The majority of brands/products discussed on the AH forum and/or tested by Gene have already been assumed to be good sounding.. :rolleyes:
I think the bulk of comments questioning sound quality maybe more due to a component mismatch, faulty install, bad room acoustics or naive consumer. Today it is crucial to match up properly the system components including loudspeakers, AVRs, amplifiers, source devices in order to obtain the best final sonics/results...
But that again why we get paid the big $... :):)

Just my $0.02... ;)
Hey, M Code, can I come work for you? ;). Man you gotta a great job! :D
 
H

hifihillbilly

Junior Audioholic
My thoughts will match up well.
What speakers you got? I'd go into your room size, but Me? When I bought my amps I didn't care how close or how far I was sitting from my speakers, i just wanted to blow the dust off the walls every now and then. But no really at or above reference levels you'll enjoy that amp. Normal listening you won't notice much of a difference if any.
Currently I have Goldenear supersats with Forcefield sub. Looking to add more.
 
KEW

KEW

Audioholic Overlord
Oh, the debate is on! :D
Not really much room for debate. My post was mostly a compilation of measurement/facts aside from the ending personal commentary on what a great company Yamaha has been and my disappointment that they would "shamelessly" decide to cut back on the power supply so aggressively.

But you left some low hanging fruit, so I will debate some of your points.
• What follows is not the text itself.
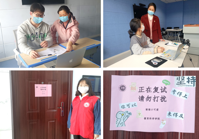 诸多细节都体现着学院领导和老师们对学子们复试的全力支持和关心。在备考期间,为保证每位学子们都能够在合适的时间最大限度地使用教室,学院每天提供教室排班服务,有效避免了由于人数过多造成场地冲突的情况发生。学院还为学子们提供了专门印有德赢VWIN的考研面试提示门贴,给予学子们元气满满地支持,并且安排志愿者在考场外维持秩序和纪律,最大限度地保证考场周围安静的环境,避免复试期间无关人员的打扰。同时,德赢VWIN党总支书记吴月华、辅导员江敏和刘智慧也来慰问正在紧张备考的学子们,为学子们加油鼓劲,鼓励学子们摆平心态,沉着冷静应对复试,并祝愿学子们顺利通过复试,取得理想成绩。

As I’ve posted many times on the forum. For a few years I had a cheap $400 5.1 AVR rated at only 50WPC that powered five DefTech speakers that all dipped into the 2.7 ohms and 3.5 ohms (BP7000, BP7001, CLR3000). The room was 15 x 18 x 15’ ceiling. Volume was always quite loud. And not once did this cheap a$$ AVR go into protection mode.
I wonder if that is the same $400 AVR that Gene mentioned as being more robust than the $900 A860!
From Gene's review:
It's sad that a $400 predecessor from the very same company offered a more robust amp and power section than this product, which has AVENTAGE moniker stamped on it.
Gene is specifically saying the amp and power section of this $900 AVR is not as good as a previous "cheap a$$" $400 AVR from Yamaha! So your argument that "even a $400 AVR can do it" is not very compelling.


I find it extremely hilarious when I see people say that all these 100WPC AVRs cannot even power more than two 4-ohms speakers.
You do recognize that it wasn't "people", but Yamaha that said it first in their manual?
Excuse us for thinking Yamaha might know what they are talking about regarding products that they designed and manufactured:rolleyes:!
Maybe they don't, but in that case they should correct their manual rather than mislead the customer. Either way the problem falls on Yamaha more than people being "hilarious" because they actually believe Yamaha's guide for using the product is an authoritative source of information!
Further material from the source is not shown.